Figures given during a planning session at City Hall reported that sales tax revenues, which is the city’s main source of income, are only expected to be about 7.3 percent off of pre-recession levels.
However, city officials are also monitoring potential changes to Internet sales tax collection, which could impact that figure.
The city sticks to a conservative, time-tested funding formula that calculates decisions based on the five-year impact, Striplin said
“One of the hallmarks, as long as we’ve been a city, is making the budget from a very fiscally conservative perspective,” said Mayor Bob Kellar. “And it has paid huge dividends.”
City staffers also identified five major funding challenges for the city in the next year: improvement of Canyon Country and Newhall; enhanced services within the new annexation areas; ongoing operating costs for Central Park’s expansion, the Canyon Country community center and library services; Whittaker-Bermite’s cleanup; and public safety.
“We’ve been down this road before, where the county feels like contract cities are not paying their fair share,” said Striplin, who was named city manager in December. “That means they might try to find a way to make us pay more.”
Striplin was promoted after holding the title of assistant city manager, and has worked for the city for more than 17 years.
Kellar said the cost for the city’s public safety could go up this year as much as 5 percent, as a result.
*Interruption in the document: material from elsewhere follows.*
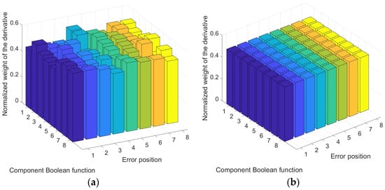 along all directions , where is a linear vector space of vectors of length , and is the operator for evaluation of the Hamming weight. The ideal case, in which all derivatives (5) are balanced, i.e., their Hamming weights are equal to , means that the component Boolean function corresponds to the strict avalanche criterion, i.e., the probability of changing its output when changing the value of any of its inputs is equal to .

Public safety is one of the city’s largest costs each year, which, as a percentage of the budget, is very close to what it spends on parks and recreation
“That figure has yet to be determined, so I don’t want to cause any panic — but if it does go up by that, we will be able to meet that obligation,” said Kellar, who also spent more than two decades in law enforcement as an LAPD officer.
“But I want to emphasize to our community the value of the services we get in Santa Clarita as a contract city with the L.A. County Sheriff’s (Department), this is the best deal in town,” he said.
The most recent development in public safety has been a county audit that saw an increase in patrol services to unincorporated areas, after an audit showed a difference in response times between unincorporated areas and contract city service areas.
City Councilwoman Marsha McLean asked for clarification on the city actual acreage of contamination for Whittaker Bermite. The former munitions site has been undergoing a cleanup effort for decades, and she requested clarification on exactly how much more land has to be cleaned.
Canyon Country’s community center opened this year, and the city has also recently annexed land in the area, which also saw the addition of two deputies to the local Sheriff’s Station to increase patrols.
The city budgets with a few basic tenets each year, Striplin said.
“Always live below your means; run a lean organization; use conservative 5-year projections,” he said, during the budget presentation.